The ascending aorta plays a central role in cushioning the highly pulsatile blood flow from the left ventricle into the steady, non-pulsatile flow, which is delivered to the target organs. Arterial aging throughout the lifespan is associated with a decrease of this function resulting in subclinical damage to high-flow, low-resistance organs such as the heart, brain, and kidney increasing the risk for cardiovascular mortality [8, 16].
The infrarenal part of the aorta and its association with cardiovascular mortality is interesting from a practical view, because of its easy approach using ultrasound and the fact that this aortic segment is prone to dilate, which makes it a common location for aneurysm formation. Ultrasound-based studies could confirm the association of increased infrarenal aortic diameter with future CVD events, as well as cardiovascular and all-cause mortality [17, 18].
However, our study does not support all the results of the above-mentioned studies. Differences in the samples (e.g., with respect to the distribution of age or of standard CVD risk factors), in the exact endpoints used (incident CVD as defined above, cardiovascular mortality, all-cause mortality), indexing of the exposure variables (the aortic diameters to BMI or BSA) and different imaging modalities (ultrasound vs CT vs MRI) might contribute to the observed differences.

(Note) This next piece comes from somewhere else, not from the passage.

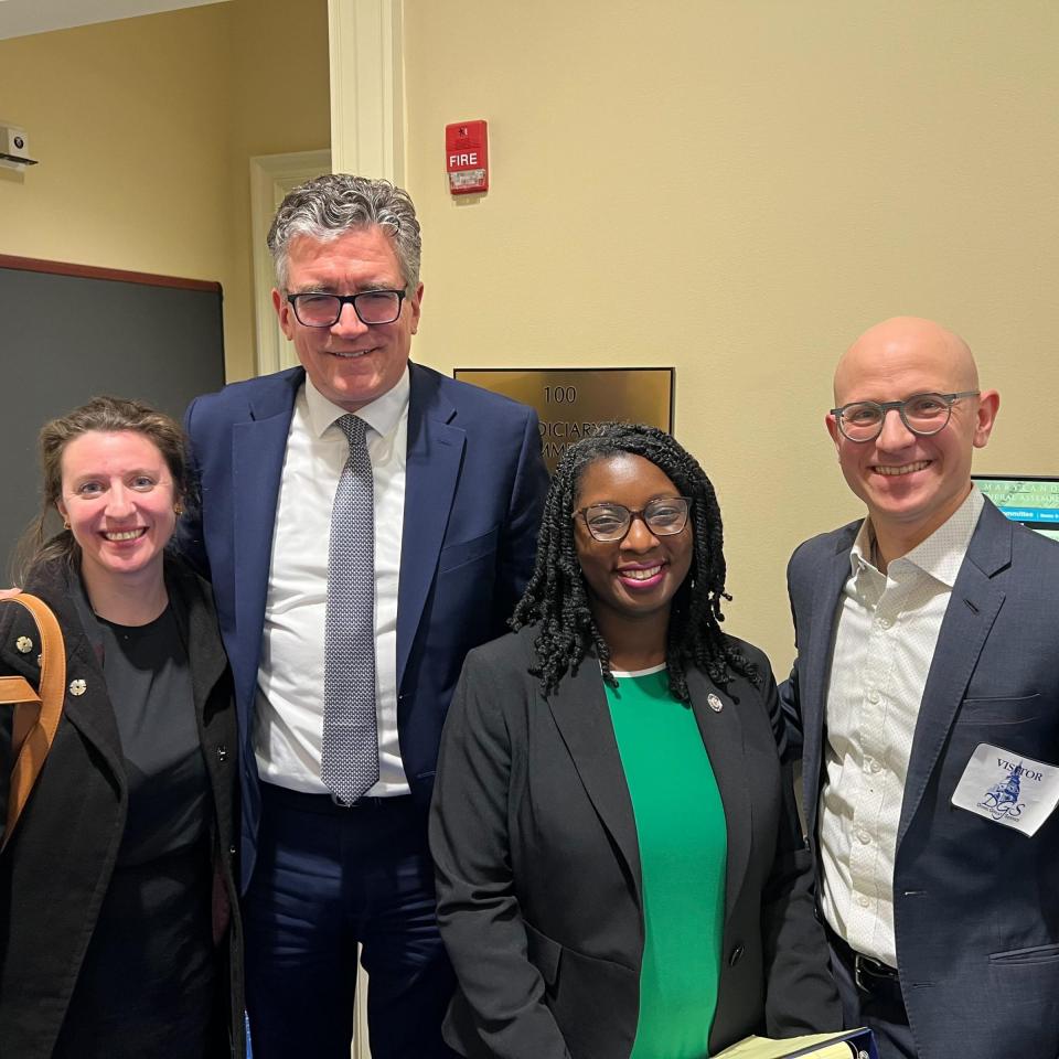 Pictured above: NHLC Sr. Policy Director Eric Tars (right) with Delegate Bernice Mireku-North with Health Care for the Homeless President & CEO Kevin Lindamood and Policy Director Joanna Diamond after testifying in favor of HB487.

In addition, we observed that in participants with a higher BMI (above the median), a stronger association between the ascending thoracic aorta on cardiovascular mortality was present, whereas in participants with a lower BMI (below the median), a stronger association of the ascending thoracic aorta with all-cause mortality was observed.
The reasons for the association of aortic diameter with all-cause mortality are not well understood. However, age-associated vascular remodeling including an increase in diameter activates a multifactorial, inflammatory response. This may explain the association of increased aortic diameters with nonvascular causes of death including malignancy, infection, and neurodegenerative disorders, that are also characterized by a chronic inflammatory state [8, 19, 20].
To our knowledge, this is the first study assessing the associations of cardiovascular and all-cause mortality risks with thoracic and abdominal aortic diameters in a population-based approach. A limitation of our study is the relatively small number of deaths, which could be observed during the follow-up period. However, several sensitivity analyses could confirm our main finding, even after considering the Bonferroni-adjusted level of significance. In addition, we had no information about connective tissue or aortic valve disease of the participants, both is associated especially with the diameter of the ascending aorta and we did not analyze the association of aortic diameter with CVD events (e.g., myocardial infarction or stroke) as other studies did previously. Finally, we used only plain diameter measurements, whereas the determination of the cross-sectional vascular area would produce more valid results.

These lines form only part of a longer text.